Время… Сколько лет уже прошло!..
Заречье оно и было Заречье. Избы одноэтажные, рубленые, но добротные. Иногда попадались дома из белого кирпича с пущенным по нему узором из красного. У одного из таких — зареченского клуба — я остановился и прочитал на печатном бланке написанное от руки название фильма. Ближайший сеанс был утренний, детский.
«А что, — подумал я, — и пойду. Фильм, наверное, хороший — вон сколько ребят крутится у кассы».
До начала оставалось еще с полчаса. Я купил билет, но вход в клуб оказался закрытым.
Что ж, и так неплохо… Я спустился с клубного крыльца, вышел за низкий, раскрашенный в разные цвета огораживающий заборик и вдруг сбоку от веселого зареченского клуба, за этим же пестрым забориком, увидел тир.

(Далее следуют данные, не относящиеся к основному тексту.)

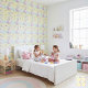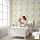 This is the ideal wallpaper to turn any space into a serene and luminous dream kingdom! Featuring a delicate repeating design of an adorable unicorn in pastel pink and blue, it soars among soft clouds, golden crescent moons, and twinkling stars against a light and welcoming yellow background.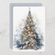 La carte de vœux de Noël comporte un bel arbre de Noël bleu-gris qui a des saupoudres de neige, des lumières d'étoiles scintillantes et des ornements dorés élégants et scintillants.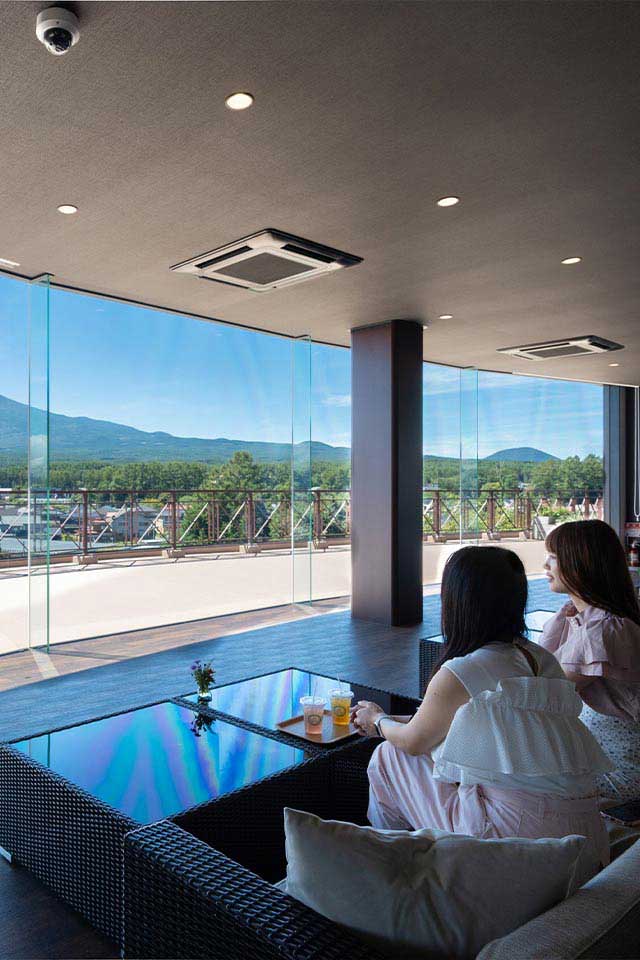 富士山撮影の第一人者として知られる大山行男氏によるプレミアムギャラリー「光」では、様々な富士山写真の数々を展示。さらに「雲」をテーマにした壁一面大迫力のタイムラプス映像を放映しています。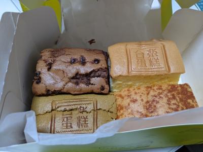 ふわぁしゅあ食感と話題の台湾カステラ。大きいサイズのものも魅力的ですが、1/4サイズでプレーン、チョコ、抹茶、チーズの4種類が味わえるものをいただきました。どれも美味しいのですがふわぁしゅあ食感をいちばん感じるのはプレーン!次回は大きなプレーンを購入したいと思います!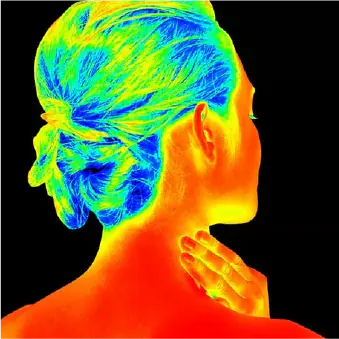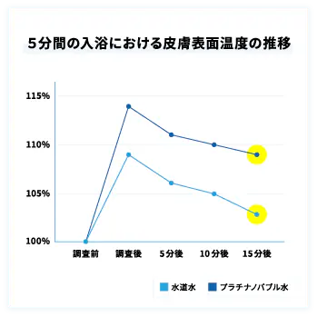 【測定条件】室温20℃の部屋で約20分順化。浴槽をお湯でいっぱいにして、5分間入浴。入浴前、入浴後、5分後、10分後、15分後の皮膚表面温度を測定。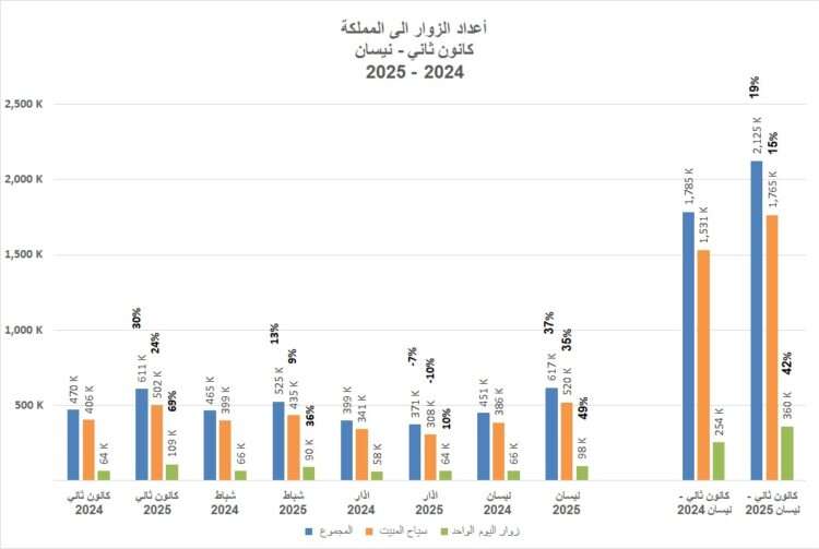 وبحسب التقرير الشهري الصادر عن وزارة السياحة والآثار، بلغ إجمالي عدد الزوار الدوليين خلال الفترة من (كانون الثاني – نيسان) من عام 2025، نحو 2.125 مليون زائرًا بنسبة ارتفاع 19 % مقارنة بنفس الفترة من عام 2024، والتي بلغ فيها عدد الزوار 1.785 مليون زائرًا.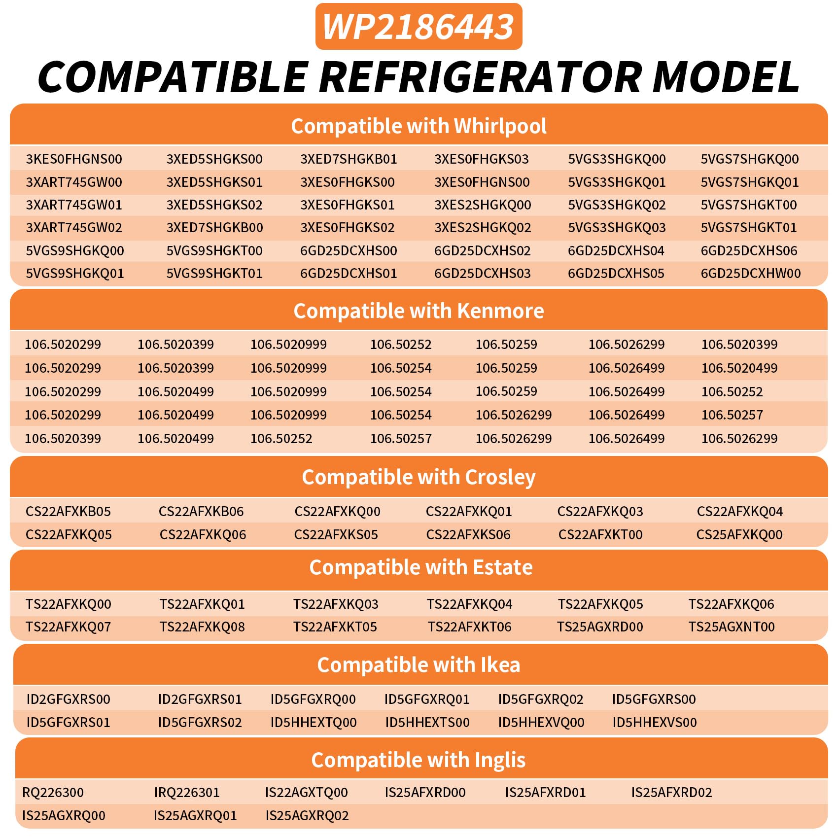 【Fits Model】2186443 Housing for Refrigerator compatible with Crosley Estate Ikea Inglis CS22AFXKB05 CS22AFXKQ00 CS22AFXKS05 CS22AFXKT00 CS22CFXTB01 CS22CFXTQ01 CS22CFXTS01 CS22CFXTT01 CS25AFXKQ00 CS25AFXKT00 TS22AFXKQ00 TS22AFXKT05 TS22AGXNQ00 TS22AGXNT00 TS25AFXHW00 TS25AFXKQ00 TS25AFXKS02 TS25AFXKT00 TS25AGXNQ00 TS25AGXNS00 TS25AGXNT00 TS25AGXRD00 TS25AGXRD02 TS25CGXTD02 ID2GFGXRS00 ID5GFGXRQ00 ID5GFGXRS00 ID5HHEXTQ00 ID5HHEXTS00 ID5HHEXVQ00 ID5HHEXVS00 ID5HHEXWQ00 ID5HHEXWS00 IRQ226300 IRQ226301 IS22AGXTQ00 IS25AFXRD00 IS25AGXRQ00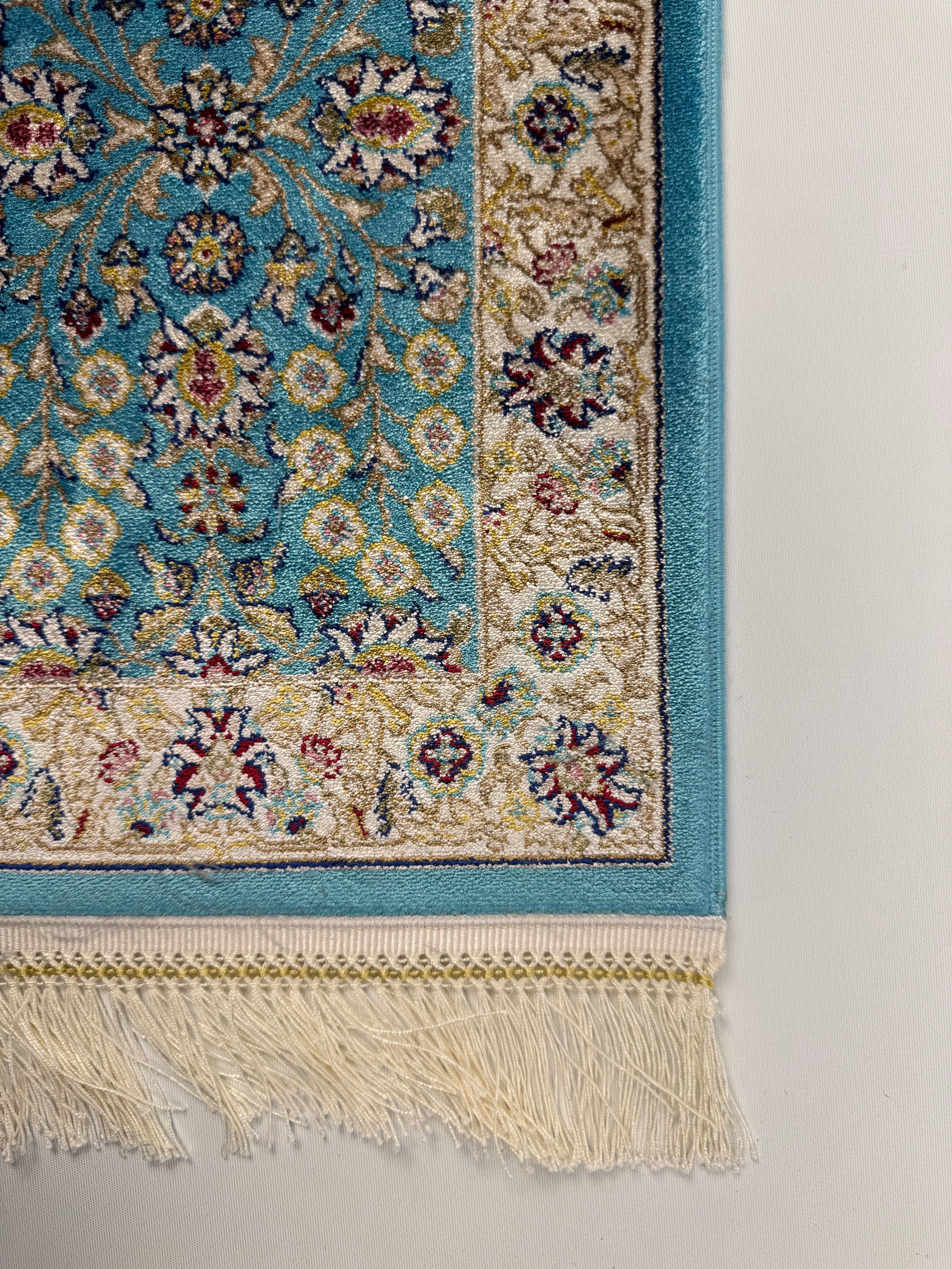 Silken Echo mini koleksiyonunun SE-0019 kodlu halısı, canlı turkuaz zemini ve çiçek motifleriyle göz alıcı bir zarafet sunar. Altın, krem ve bordo detaylarla işlenen bordürü, klasik dokuyu modern ipeksi parlaklıkla buluşturur. Parlak ve yumuşak yüzeyi sayesinde dekoratif kullanım için idealdir. (0.30×0.45 m) ölçüsüyle masa, konsol ya da duvar dekorasyonu için mükemmel bir seçimdir.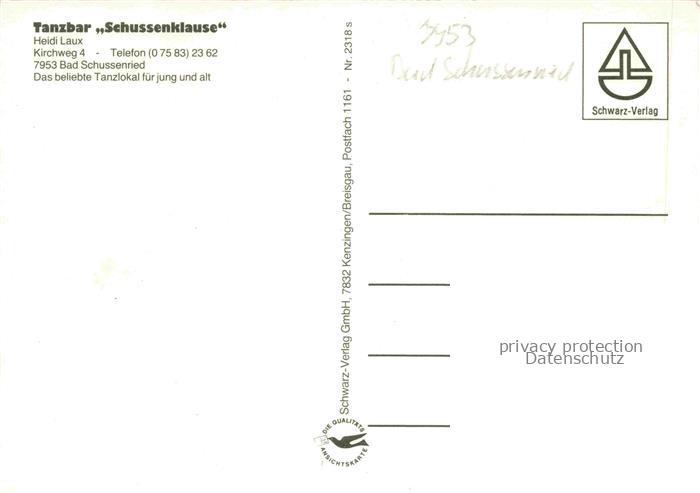74052825 Bad Schussenried Tanzbar Schussenklause postalisch nicht gelaufen Erhaltung siehe scans [FriedD77] KatCode: 11110008426014

Размещался он в старом латаном-перелатанном трамвайном вагончике, невесть как забравшемся в этот городок, городской транспорт которого состоял из нескольких «пазиков», деловито снующих по единственному маршруту «Вокзал — Заречье».
Тяжелый путь, наверное, проделал этот вагончик. Особенно в конце. Ноги-колеса отказывались служить, и вот, потеряв их, он полз на брюхе. Прополз и застыл на этом месте: перекошенный, разбитый.
Чем-то далеким, из детства повеяло на меня от этого старого вагончика, от весело торчащей над крышей трубы-обрубка, выкидывающей клубы едкого угольного дыма.
Да в нашем «непериферийном» городе такие тиры-вагоны давно повывелись. Я вспомнил, что лет десять тому назад и рядом с нашим управлением торчал такой же бродяга, продливший свою жизнь (а, может, и нашедший счастье) в другом качестве. Но прогресс коснулся и этой сферы. Вагончик свезли, а на его месте построили стеклянный павильон с одинаковыми (и, наверное, согласно каким-то стандартам) зайцами и белками, с пятаками-мишенями такой величины, что в них можно было попасть и не целясь, а главное, с автоматикой, почти тут же поднимающей пораженную цель, и твой заяц уже не мог, на твою радость и зависть другим, дрыгнувшись, как настоящий, висеть «убитым» долгие-долгие минуты.